This narrows it down slightly. Hope it helps, and thank you for the great support.

dbaker1 commented 1 month ago

Hi Mike, I did a little more testing tonight and loaded every version of the firmware to see what the results were wrt controlling pin 16. All other pins seemed to work as expected as far as GUI/REST on/off goes. Here are my findings:

MQQT Home BME UPG - pin 16 works normally
MQQT Home     UPG - pin 16 didn't work at all
MQQT Domo BME UPG - pin 16 didn't work at all
MQQT Domo     UPG - pin 16 didn't work at all
Browser       UPG - pin 16 works until power cycle
Browser           - pin 16 works normally
MQQT Home         - pin 16 works normally
MQQT Domo         - pin 16 didn't work at all

These are all from the latest release: Code Revision 20231009 1022

nielsonm236 commented 1 month ago

Thank you - you spent some time on this one. Still, it is confusing to me. I've been reviewing the code and haven't found a common thread in the scenarios that fail. So, this is going to take some code tracing to figure out what is happening. I'm still a bit tied up with family matters but will start the debug process. Mike

nielsonm236 commented 1 month ago

FYI, I've reproduced using the Browser UPG build. I haven't tried the others as I believe if I find the bug in this build it will be common to the other builds. Do you have a PCF8574 attached? I've found that if IO17 (the least significant IO on the PCF8574) is turned ON, then if forces IO16 (pin 16 on the STM8) to be forced ON. If IO17 is OFF, then IO16 works normally. This is a significant clue and you would think it would make finding the bug easy, but so far code inspection is not telling me. So, more work to do. Mike

nielsonm236 commented 1 month ago

It appears that if I turn on ANY PCF8574 output it forces IO16 to the ON state. That should be easier to find.

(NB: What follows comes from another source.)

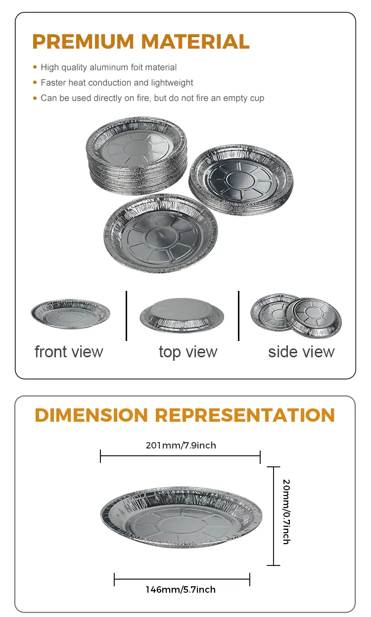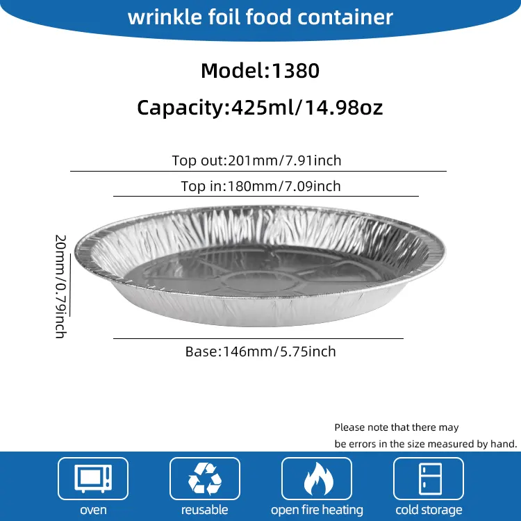 Le récipient en papier d'aluminium argenté pour friteuse à air à disque jetable en papier d'aluminium Yunchu est à la fois hygiénique et respectueux de l'environnement. Il est fait de matériaux épaissis et résistants à la corrosion qui ne se déforment pas facilement et peuvent être en contact direct avec les aliments. Il n'a pas peur des températures élevées, n'est pas brûlé, n'est pas brûlé et n'est pas facile à jeter. Il peut résister à des températures élevées jusqu'à 250 °C et convient à diverses méthodes de cuisson telles que la cuisson à haute température, le four et le barbecue, il n'y a donc pas lieu de s'inquiéter. Plusieurs spécifications sont disponibles pour répondre à des besoins diversifiés de cuisson de différentes tailles, vous permettant de répondre facilement aux diverses exigences de production alimentaire.

nielsonm236 commented 1 month ago

Well, after some additional testing the above connection between PCF8574 pin states and the malfunction on IO16 no longer seems to be true. Now IO16 stays ON regardless of what I do. I'm beginning to think I have a buffer over-run somewhere. I will keep working on this.

dbaker1 commented 1 month ago

Hi Mike, sounds like you are making good progress. Sorry I couldn't respond sooner but I came down with covid on Friday evening so I'm feeling bad and sleeping a lot. Anyway, no PCF8574 here. If there's anything else I can do to help just let me know. Many thanks for your efforts on this!

dbaker1 commented 1 month ago

I also tried loading older versions of the Browser UPG load to see if there was an earlier one that worked, but after going back 3 or 4 I gave up as they all had the issue of pin 16 working until power cycle...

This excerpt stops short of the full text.